If "age_group" is included in strata, you must provide an age_years
column. Age-group labels are generated from ageBreaks (e.g., 0-18,
19-45, 46-65, 66+), where each element is a numeric range
c(min_age, max_age). Use Inf for open-ended upper bounds.
Stratification is simple: groups are created from observed levels of
gender and/or derived age_group. If both are requested, they are
handled separately (gender OR age_group), not jointly.
A one-sample KM curve is fit for each non-empty group, plus an "overall"
curve for the full data.
Confidence intervals are controlled by confType and confInt and are
passed to survival::survfit().
The model argument controls which survival estimator is fitted:
"km": non-parametric Kaplan–Meier estimate via ggsurvfit::survfit().
"cox": Cox PH model via survival::coxph() + survival::survfit().
Without covariates the Breslow baseline hazard is used. When covariates
are provided, the survival curve is evaluated at the covariate means.
"weibull", "exponential", "lognormal", "loglogistic": AFT
parametric models via survival::survreg(). S(t) is evaluated
analytically at observed event times. Pointwise CIs are not available
for parametric models (lower/upper are NA).

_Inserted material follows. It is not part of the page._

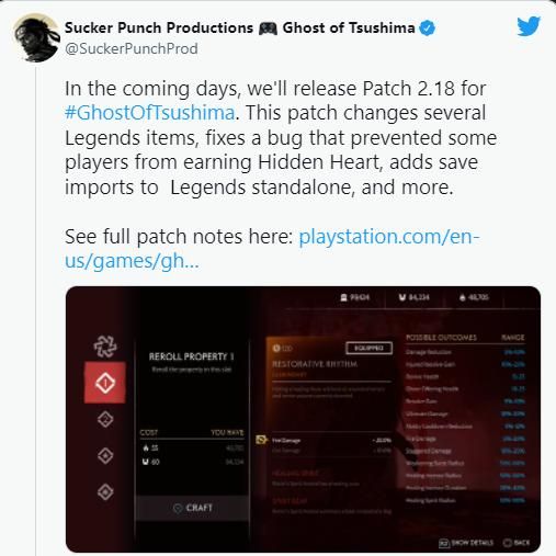 Tuần trước, Sucker Punch đã phát hành bản cập nhật 2.18 cho Ghost of Tsushima, bản cập nhật này chủ yếu giải quyết các lỗi nhỏ và thay đổi cân bằng cho chế độ nhiều người chơi Legends. Tuy nhiên điều đáng chú ý và cũng quan trọng nhất chính là một ghi chú nhỏ từ nhóm phát triển ở cuối thông tin bản cập nhật. Thông báo xác nhận rằng Sucker Punch sẽ không còn "làm việc với bất kỳ bản cập nhật bổ sung nào tại thời điểm này nữa.” Nói cách khác, sự hỗ trợ dành cho Ghost of Tsushima đã chấm dứt.
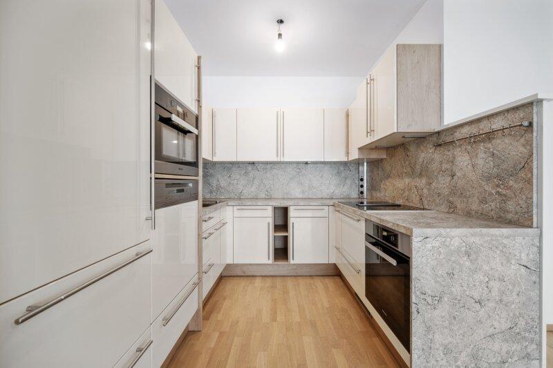 - Der Wohn- Essbereich ist mit einer Küche mit hochwertigen Gärten von Miele und Bora ausgestattet (Induktionsherd, Backofen, Geschirrspüler); die Vormierter haben den freistehenden Kühlschrank wieder mitgenommen. Ein solcher muss daher seitens dem neuen Mieter wieder ergänzt werden.

covariates is used only for Cox and parametric models.
times and probs control quantile extraction; probs defaults to
c(0.75, 0.5, 0.25) (q75, median, q25).
When strata are specified, a log-rank test is performed to compare survival curves across groups within each stratifier (gender and/or age_group). The overall test and pairwise tests are included in the returned object as tibbles.
A list of class singleEventSurvival. See Returned object.
A list of class singleEventSurvival. Elements include:
Per-stratum entries named like "gender=F", "gender=M",
"age_group=18-44", etc., and an "overall" element.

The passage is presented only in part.